Может в таком случае показаться странным, что я подаю эти советы частным образом, обходя всех и во все вмешиваясь, а выступать всенародно в вашем собрании и давать советы горо­ду не решаюсь. Причина этому та самая, о которой вы часто и повсюду от меня слышали, а именно что мне бывает какое-то чудесное божественное знамение; ведь над этим и Мелет по­смеялся в своей жалобе. Началось у меня это с детства: вдруг — какой-то голос, который всякий раз отклоняет меня от того, что я бываю намерен делать, а склонять к чему-нибудь никогда не склоняет. Вот этот-то голос и не допускает меня заниматься государственными делами. И кажется, прекрасно делает, что не допускает. Будьте уверены, о мужи афиняне, что если бы я по­пробовал заниматься государственными делами, то уже давно бы погиб и не принес бы пользы ни себе, ни вам. И вы на меня не сердитесь, если я вам скажу правду: нет такого человека, который мог бы уцелеть, если бы стал откровенно противиться вам или какому-нибудь другому большинству и хотел бы пред­отвратить все то множество несправедливостей и беззаконий, которые совершаются в государстве. Нет, кто в самом деле ра­тует за справедливость, тот, если ему и суждено уцелеть на малое время, должен оставаться частным человеком, а вступать на об­щественное поприще не должен.
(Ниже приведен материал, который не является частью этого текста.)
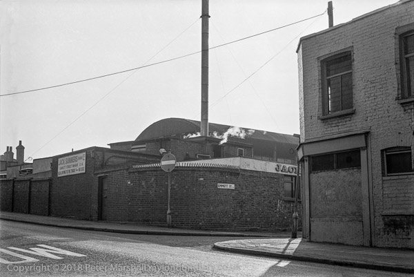 This is the same corner shop photographed by Izis which I wrote about earlier by looking at the side facing Westferry Rd. To the left of the picture is Jack Summers (Kilning) Ltd, Emmett St Wharf E14, which offers 'Kiln Drying to the Trade', and is clearly still in business, with steam escaping from around the base of its chimney.

Доказательства этого я вам представлю самые веские, не рас­суждения, а то, что вы цените дороже, — дела. Итак, выслу­шайте, что со мною случилось, и тогда вы увидите, что я и под страхом смерти никого не могу послушаться вопреки справед­ливости, а не слушаясь, могу от этого погибнуть. То, что я намерен вам рассказать, досадно и скучно слушать, зато это истинная правда. Никогда, афиняне, не занимал я в городе ни­какой другой должности, но в Совете я был. И пришла нашей филе Антиохиде очередь заседать в то время, когда вы желали судить огулом десятерых стратегов, которые не подобрали пострадавших в морском сражении, — судить незаконно, как вы сами признали это впоследствии. Тогда я, единственный из пританов, восстал против нарушения закона, и в то время, ког­да ораторы готовы были обвинить меня и посадить в тюрьму и вы сами этого требовали и кричали, — в то время я думал, что мне скорее следует, несмотря на опасность, стоять на стороне закона и справедливости, нежели из страха перед тюрьмою или смертью быть заодно с вами, желающими несправедливого. Это еще было тогда, когда город управлялся народом, а когда насту­пила олигархия, то и Тридцать в свою очередь призвали меня и еще четверых граждан в Круглую палату и велели нам привезти из Саламина саламинца Леонта, чтобы казнить его. Многое в этом роде приказывали они делать и многим другим, желая оты­скать как можно больше виновных. Только и на этот раз опять я доказал не словами, а делом, что для меня смерть, если не грубо так выразиться, — самое пустое дело, а вот воздерживать­ся от всего беззаконного и безбожного — это для меня самое важное. Таким образом, как ни могущественно было это прави­тельство, а меня оно не испугало настолько, чтобы заставить сделать что-нибудь несправедливое, но, когда вышли мы из Круг­лой палаты, четверо из нас отправились в Саламин и привезли Леонта, а я отправился домой. И по всей вероятности, мне пришлось бы за это умереть, если бы правительство не распа­лось в самом скором времени. И всему этому у вас найдется много свидетелей.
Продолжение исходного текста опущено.